1.If Douglas Ivester was so successful, for years, on the executive staff, why did he fail when he was given the CEO/president position? Give an overall impression, broad stroke explanation of why he failed. Ivester was a hardworking, diligent CEO, but he lost sight of the people side of Coca-Cola. In any business people are a very important aspect that needs to be nurtured because without them the business is nothing but a name. Ivester’s predecessor, Robert Goizueta, had a “management mantra -- this is a people-relations business” (Knoop, 11). Ivester seemed to forget that mantra and took over the company selfishly.

2.List the key situational challenges and opportunities facing Ivester when he was appointed CEO after the death of Roberto Goizueta? •Acquisition of Orangina
Purchase agreement for Cadbury Schweppes
Contamination in Belgium
Anticompetitive Allegations
Management Reorganization
Bottler Relations
3.What were the primary missteps Douglas Ivester made during his tenure as CEO of Coke and identify why these worked against him? The first misstep made by Ivester was the severed ties between the French and Coca-Cola. Ivester pushed to acquire Orangina which “the deal was expected to boost Coke’s market share from 49% to 58% in France” (Knoop, 14). The French denied the acquisition because it “wouldn’t make enough of a contribution to economic progress to compensate for the risks of distortion of competition in the carbonated, non-cola, on premise soft drinks market” (Knoop, 14). The second misstep was the contamination scare in Belgium. Thirty-Three school children became ill after drinking Coke. Ivester’s response to the incident was late and unsympathetic. Coca-Cola was poor in communication on the problem. The third misstep was in regards to the retaliation on Coca-Cola’s competitors, Pepsi and Schweppes. In a company memo that was sent out, Ivester wanted a “commercial plan to attack Pepsi and Schweppes” (Knoop, 19). This led to Europe’s Competition Commission to take over Coca-Cola’s offices, documents, and computer files to prove Coca-Cola was trying to drive the competitors out of Europe. A fourth misstep was the way Ivester handled management reorganization. He didn’t assign a president, which he was in need of, and he negatively affected ten executives because he “scaled his direct reports down to six” (Knoop, 19). Ivester’s final misstep was how he raised concentrate prices on the independent bottlers. The raised prices were hurting the bottlers and with the company’s mandated mergers many bottlers were left in debt.

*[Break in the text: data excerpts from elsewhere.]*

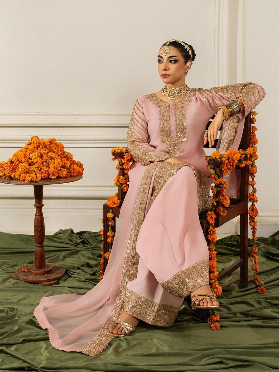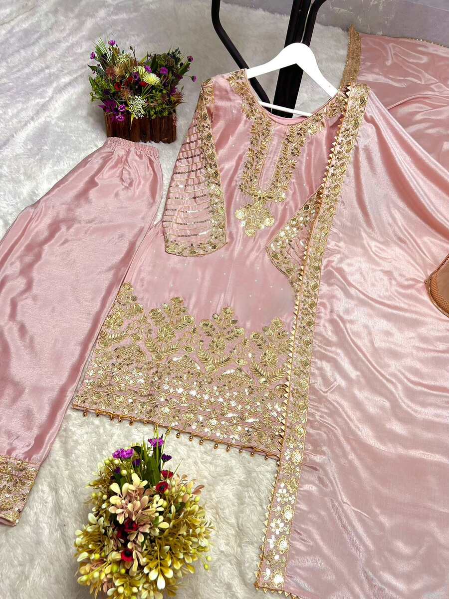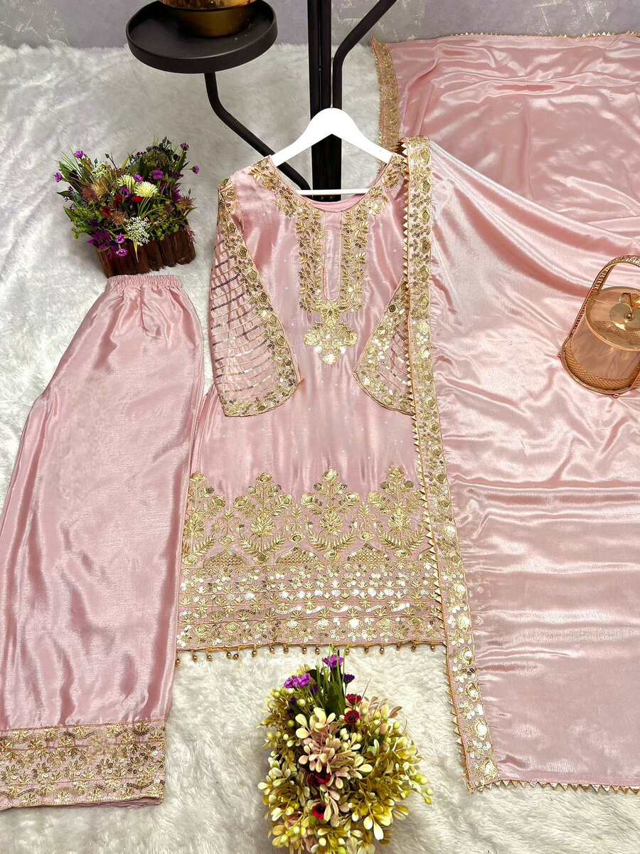 RICH LOOK CHINON SILK EMBROIDERY SEQUENCE WORK AND READY MADE LACE BORDER WORK TOP PALAZZO WITH DUPATTA BABY PINK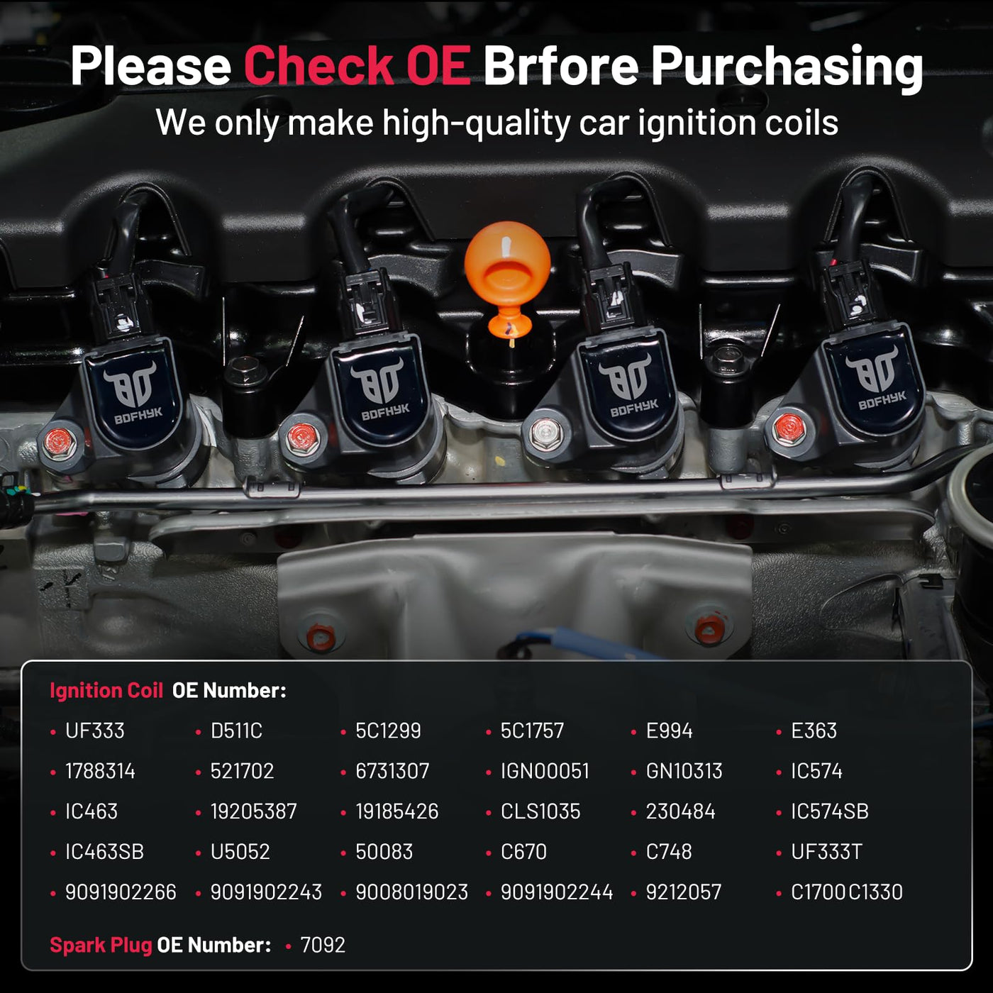 Q: What are the OE numbers for the BDFHYK ignition coil and spark plug?A: For the ignition coil, the OE numbers include UF333, D511C, 5C1299, and more. The OE number for the spark plug is 7092. It is crucial to check these numbers to ensure compatibility with your vehicle.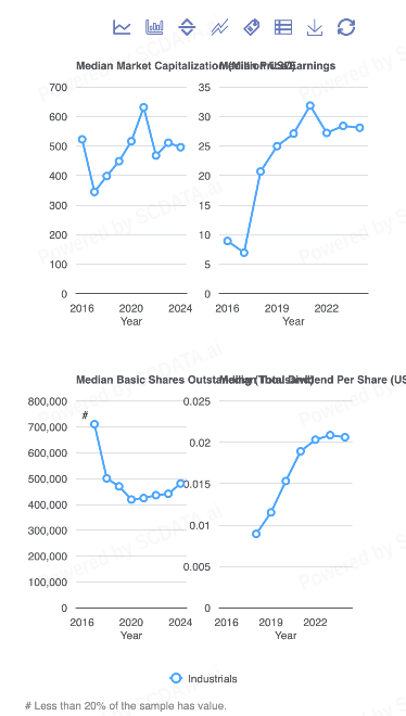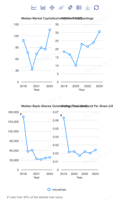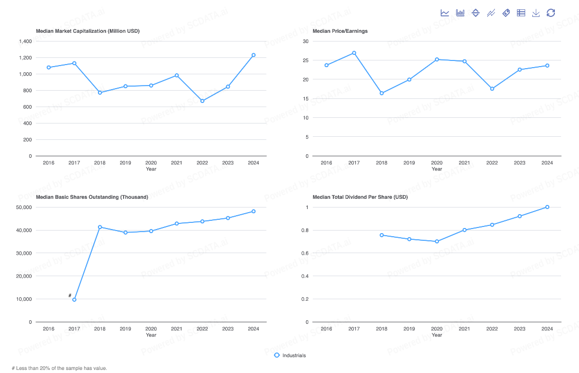 Across the Industrials sectors in United States, China, and India, market capitalization usually moves in the same direction as net income over time, which helps indicate a clear relationship between profitability and firm valuation. When companies generate higher net income, then the market cap typically increases as well, although the magnitude of this response varies across countries.

4.How did Ivester approach his transition? What suggestions would you have had for him for a better transition? Ivester approached his transition from being on the executive staff to CEO with a running start and needed to slowly merge into the position. Ivester commented about not wanting to walk in his predecessors shoes and he wasn’t going to spend much time thinking about how his predecessor ran the company. This is where Ivester fell short. He needed to look how Goizueta treated the company and look at the mistakes that were made and learn from them.

5.What responsibility did his board of directors have in his failing? What should they have done to enable his success? The board of directors of a company has the responsibility to keep a watchful eye on the CEO. They are there to assist and offer assistance whenever necessary to achieve the board’s goals. I believe that Coca-Cola’s board of directors failed Ivester by not being assertive in their actions. Ivester was obsessed with controlling everything and this made him unwilling to take advice. The board should have been more involved in assisting Ivester from the start. If they were more assertive in their assistance I strongly believe he would have taken their advice and maybe...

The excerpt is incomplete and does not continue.